As mil faces de Marina Silva
28/08/2014
- Opinión
Em política, uma imagem vale mais que mil palavras. A construção da imagem política é um processo lento, que exige a repetição contínua de alguns mantras e a obstinação de seus seguidores.
Uma vez construída, a desestruturação da imagem de um partido ou candidato pode se provar dificil de se consumar, mesmo com bons argumentos para isso.
No caso do PT, por exemplo, ao longo de sua história constituíram-se duas fortes imagens vinculadas ao partido: a de guardião da ética na política e a de defensor dos mais pobres e trabalhadores.
A primeira imagem, formada enquanto o PT se encontrava na oposição, foi fortemente abalada por alguns escândalos de corrupção ocorridos nas gestões petistas.
Mesmo assim, até hoje o PT não representa, no imaginário da maior parte da população (excluíndo-se aí parcelas tipicamente anti-petistas), um partido corrupto, apesar do bombardeio midiático incessante contra a agremiação partidária.

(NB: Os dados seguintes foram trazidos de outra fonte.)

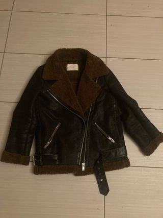 Giacca stile biker con dettagli in pelliccia sintetica. - Collo ampio e foderato. - Chiusura frontale con zip. - Tasche laterali con zip. - Cintura regolabile sul fondo.
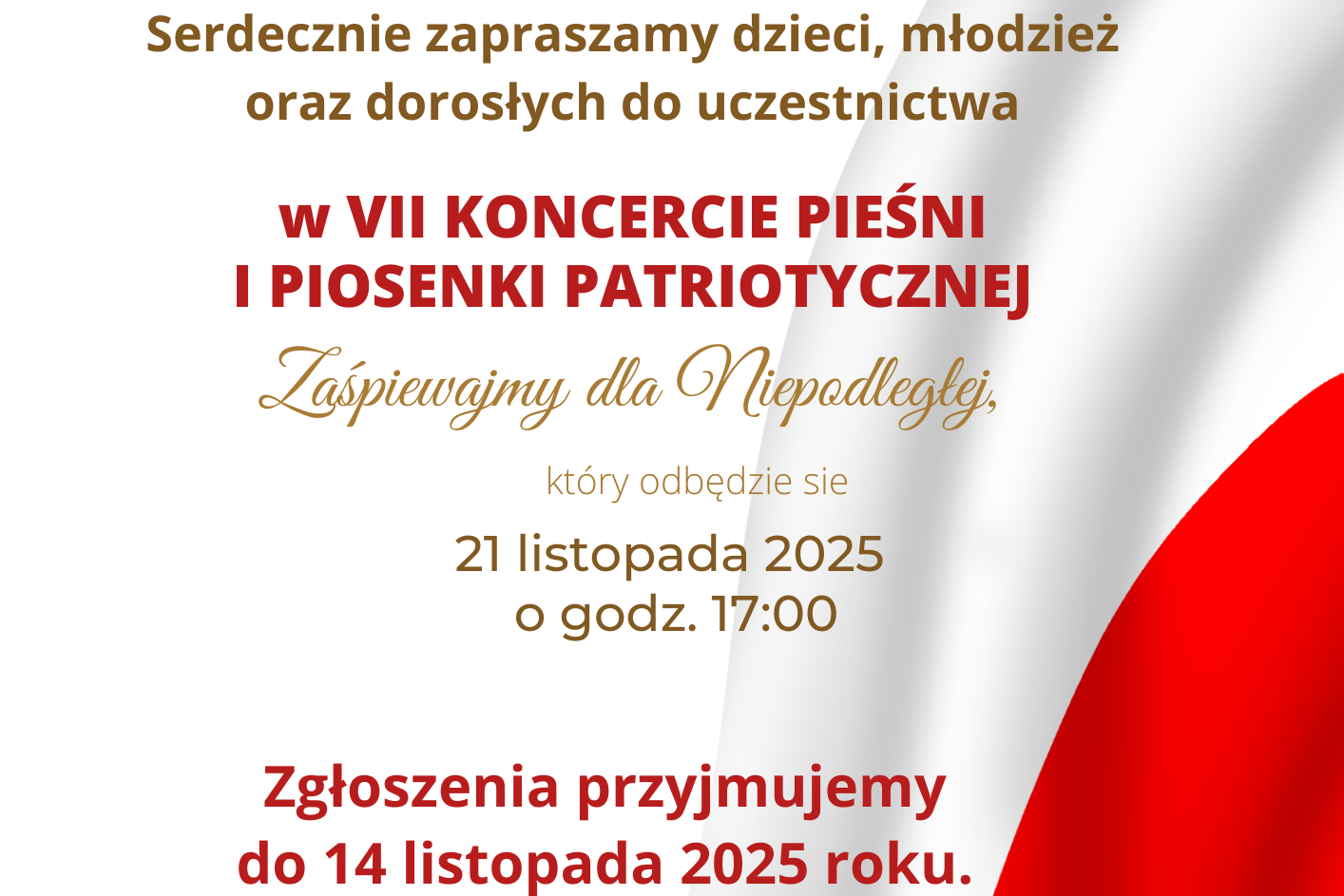 Serdecznie zapraszamy dzieci, młodzież oraz dorosłych do uczestnictwa w VII Koncercie Pieśni i Piosenki Patriotycznej „Zaśpiewajmy dla Niepodległej”!
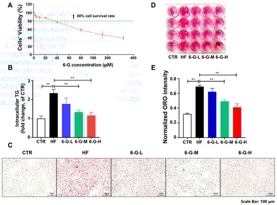 Human hepatocellular carcinoma cell line HepG2 (purchased from China Center for Type Culture Collection, Wuhan, China) was cultured in Dulbecco’s modified Eagle’s medium (DMEM, Gibco, Grand Island, NY, USA) containing 10% fetal bovine serum (Biological Industries, Kibbutz Beit Haemek, Israel) and supplemented with 10 mL/L penicillin-streptomycin (Gibco, New York, NY, USA). Samples of 1.2 × 104 cells per well were planted in 96-well plates (for MTT assay) and 2 × 104 cells per well were planted in 6-well plates (for lipid and protein detection). As previously reported with some modifications [], for modeling the lipid accumulated in vitro, HepG2 cells were serum-starved for 24 h and treated with 20 mM fructose (Solarbio, Beijing, China). Then the cells were treated with various concentrations of 6-G (purity ≥ 98%, purchased from Shanghai Yuanye Biotechnology Co., Ltd., Shanghai, China. Dissolved in DMSO) for further bio-activity tests.

Por outro lado, a imagem de partido defensor dos interesses dos pobres e trabalhadores apenas se reforçou com os quase doze anos de governo petista à frente da presidência da República.
Projeto próprio
No caso de Marina Silva, a construção de sua imagem é mais recente. Após cumprir mandato no Senado pelo PT e ser ministra do Meio Ambiente de Lula, Marina abandonou o partido em busca da construção de um projeto político próprio.

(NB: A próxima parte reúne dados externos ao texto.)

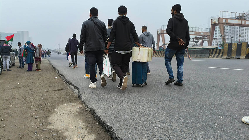 এর আগে সোমবার সকাল ৬টা ৪১ মিনিটের দিকে বনানীর চেয়ারম্যানবাড়ি এলাকায় একটি ট্রাকের চাপায় মিনা আক্তার নামের এক নারী পোশাকশ্রমিক নিহত হন। এর প্রতিবাদে বিভিন্ন পোশাক কারখানার শ্রমিকেরা সড়ক অবরোধ করেন। তারা বনানীর কামাল আতাতুর্ক অ্যাভিনিউ থেকে মহাখালীর আমতলী পর্যন্ত সড়কে অবস্থান নেন। এতে দুই পাশের সড়কে শত শত গাড়ি আটকে পড়ে। প্রায় সাত ঘণ্টা পর শ্রমিকেরা সড়ক ছাড়লে যানবাহন চলাচল শুরু হয়।
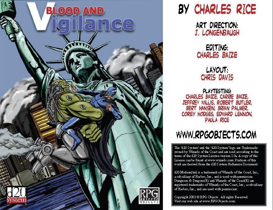 Blood and Vigilance fornece tudo o que você precisa para trazer as quatro cores BAM e POW dos quadrinhos para suas aventuras do Modern d20.
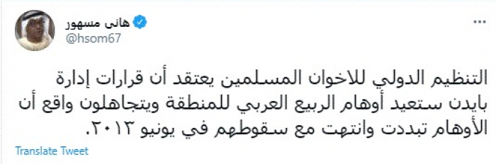 وكتب في تغريدة عبر "تويتر" رصدها "المشهد العربي": "التنظيم الدولي للاخوان المسلمين يعتقد أن قرارات إدارة بايدن ستعيد أوهام الربيع العربي للمنطقة ويتجاهلون واقع أن الأوهام تبددت وانتهت مع سقوطهم في يونيو ٢٠١٣".
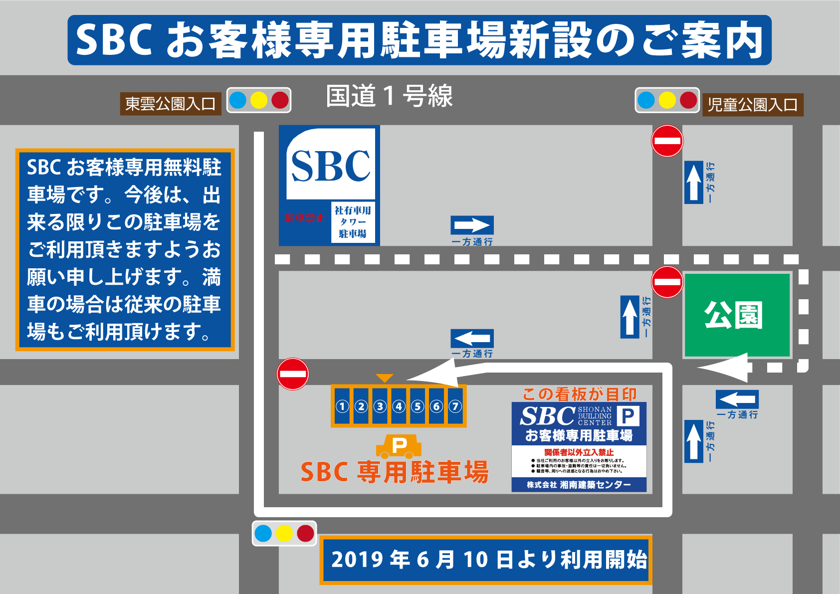 案内図は下記リンクからご覧ください。http://www.sbc-co.jp/topics/file/NewHiratsukaParking.pdf

Sua histórica ligação com as causas ambientais iniciaram a construção da imagem de uma militante verde, que apenas se reforçou com seu ingresso e candidatura federal pelo Partido Verde.
No entanto, a causa ambiental, apesar de possuir forte apelo em parcelas da juventude, é insuficiente para construir uma imagem política forte para gabaritar alguém à assumir o cargo máximo da república.
Novidade política?
Sendo assim, outro fator teve que ser agregado à imagem de Marina ao longo dos últimos anos: a de novidade política que propõe uma ruptura com o sistema político atual.

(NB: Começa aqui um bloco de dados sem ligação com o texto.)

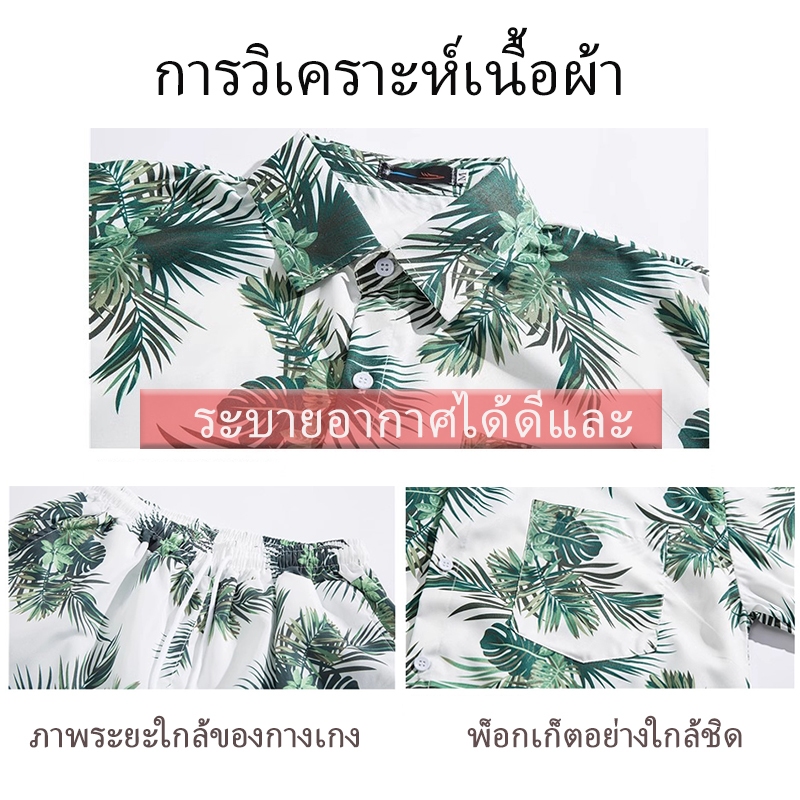 เสื้อฮาวาย ผู้ชาย ชุดเซ็ต ทรงหลวม ลายต้นมะพร้าว ผ้าบาง ใส่สบาย แฟชั่นฤดูร้อน เหมาะกับเดินชายหาด างและระบายอากาศได้ดี

Com essas duas imagens construídas, Marina Silva parece conquistar parte significava da juventude de classe média alta das grandes cidades, que se preocupam com a questão ambiental e gostariam de ver uma nova ordem política no país.
Neste momento em que Marina mais uma vez se lança a presidência da república, nos cabe perguntar: qual o conteúdo por trás de sua imagem?
De galho em galho
Pois vejamos: do ponto de vista político, Marina é uma ex-petista que, após sua saída do PT, passou pelo PV, do qual fez uso como plataforma para organizar sua campanha.
Após desavenças no PV, tentou fundar um novo partido a tempo de servir como plataforma eleitoral para seu renovado projeto eleitoral. Não tendo êxito nesta empreitada, aceitou aderir ao PSB para ser capaz de manter seu projeto de poder vivo.
O projeto político de Marina Silva parece ser a ascensão ao poder de Marina Silva, independente de por qual partido isso ocorra.
Nada mais tradicional no jogo de poder da política brasileira do que políticos com projetos pessoais de poder, independente de partidos e base social, como o caso aqui descrito.
Além disso, Marina é incapaz de explicar como irá governar sem o apoio dos principais partidos políticos constituídos, se valendo de frases de efeito como “governar com os melhores”, que não possuem aderência à realidade do modelo político brasileiro.
Discurso frágil
O fato de sua campanha ser liderada pela família Bornhausen em Santa Catarina e por Heráclito Fortes no Piauí, ambos conservadores políticos tradicionais ex-integrandes do DEM , demonstra a fragilidade do discurso marinista.
Do ponto de vista econômico, Marina Silva não representa nenhuma novidade no debate público. Suas posições sobre o tema, até o momento, são repetições do discurso liberal de Eduardo Giannetti, seu assessor econômico ligado historicamente ao PSDB.
Em recentes declarações, Gianetti tem repetido para quem quiser ouvir que o projeto econômico de Marina é basicamente o mesmo que o projeto de Aécio Neves, o que ao contrário de representar uma novidade, parece apontar para um retorno ao modelo econômico do governo FHC.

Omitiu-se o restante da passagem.